- _Records for processing_:
* * *
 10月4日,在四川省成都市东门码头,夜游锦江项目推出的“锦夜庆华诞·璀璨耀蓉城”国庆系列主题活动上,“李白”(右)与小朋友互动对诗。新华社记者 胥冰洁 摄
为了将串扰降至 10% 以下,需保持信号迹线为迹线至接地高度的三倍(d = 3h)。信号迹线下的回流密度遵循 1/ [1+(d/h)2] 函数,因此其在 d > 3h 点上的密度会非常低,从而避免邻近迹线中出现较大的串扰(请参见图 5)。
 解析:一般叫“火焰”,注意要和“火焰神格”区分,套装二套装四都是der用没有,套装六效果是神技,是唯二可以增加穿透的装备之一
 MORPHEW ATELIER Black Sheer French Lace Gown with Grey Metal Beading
* * *
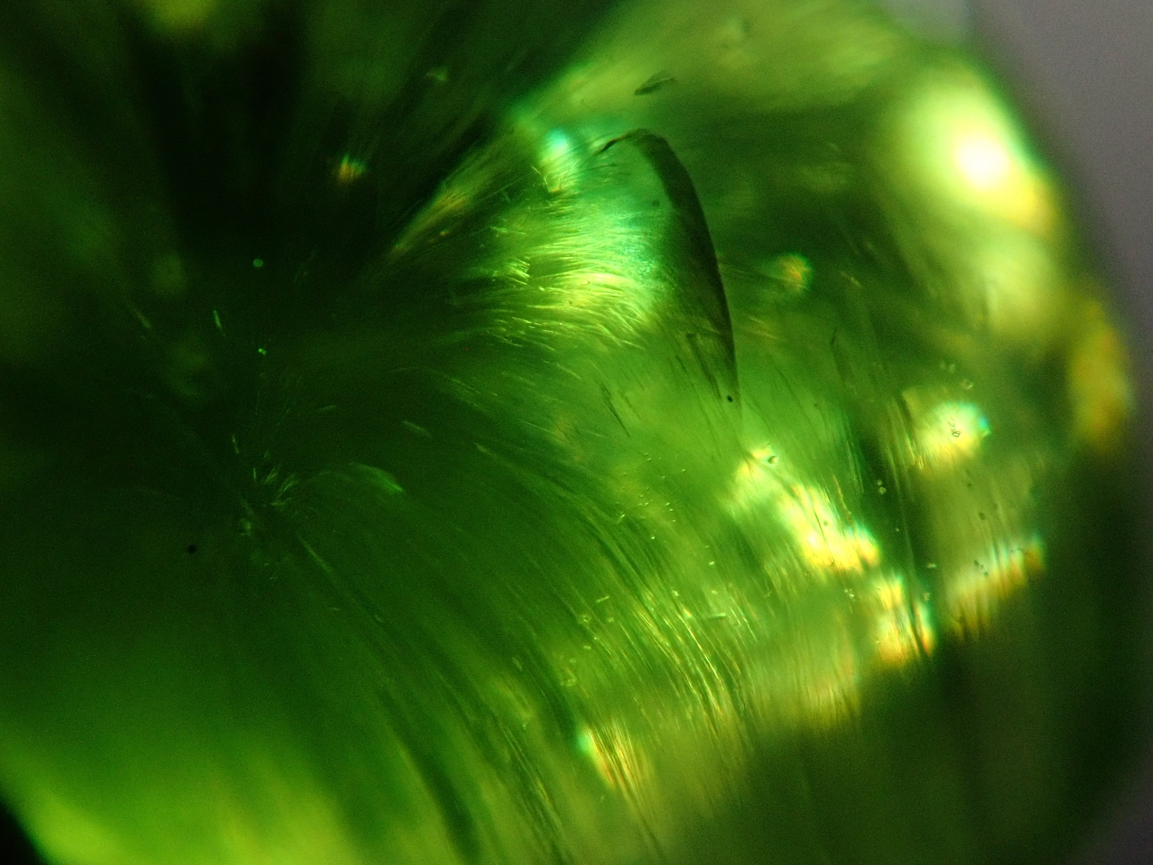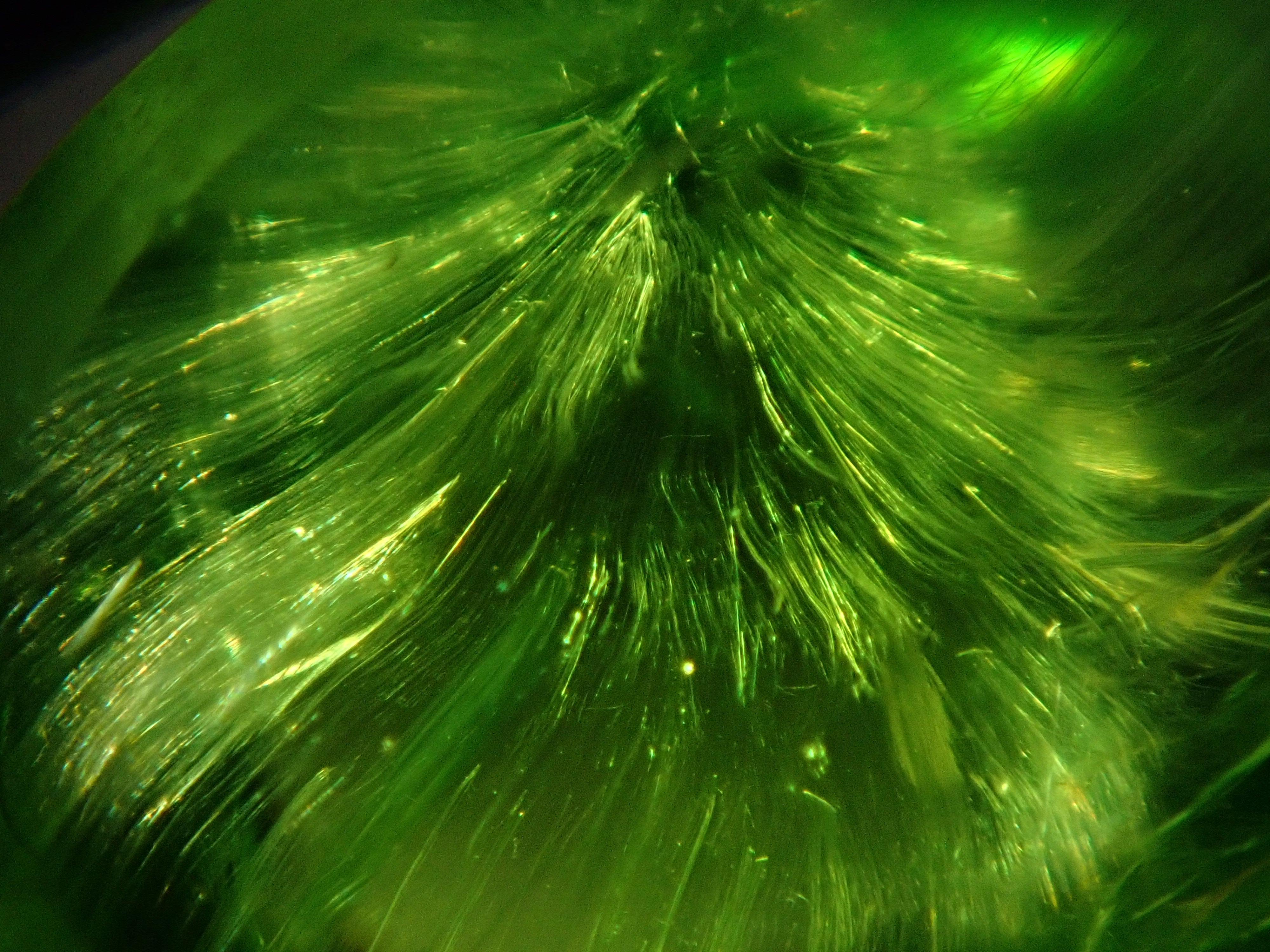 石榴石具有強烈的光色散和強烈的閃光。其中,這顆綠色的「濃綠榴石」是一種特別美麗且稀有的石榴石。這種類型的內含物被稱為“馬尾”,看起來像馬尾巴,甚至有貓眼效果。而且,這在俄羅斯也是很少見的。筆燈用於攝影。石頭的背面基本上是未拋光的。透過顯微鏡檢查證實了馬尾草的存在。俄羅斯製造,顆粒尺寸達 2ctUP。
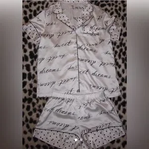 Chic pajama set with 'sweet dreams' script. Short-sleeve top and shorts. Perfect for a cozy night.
* * *
- _Exercise directions_:
Print only what lies in the material above starting at the line with "为了将串扰降至 10% 以下,需保持信号迹线为迹线至接地高度的三倍(d" and ending at the line with "MORPHEW ATELIER Black", every line exactly as given.

- _Exercise output_:
为了将串扰降至 10% 以下,需保持信号迹线为迹线至接地高度的三倍(d = 3h)。信号迹线下的回流密度遵循 1/ [1+(d/h)2] 函数,因此其在 d > 3h 点上的密度会非常低,从而避免邻近迹线中出现较大的串扰(请参见图 5)。
 解析:一般叫“火焰”,注意要和“火焰神格”区分,套装二套装四都是der用没有,套装六效果是神技,是唯二可以增加穿透的装备之一
 MORPHEW ATELIER Black Sheer French Lace Gown with Grey Metal Beading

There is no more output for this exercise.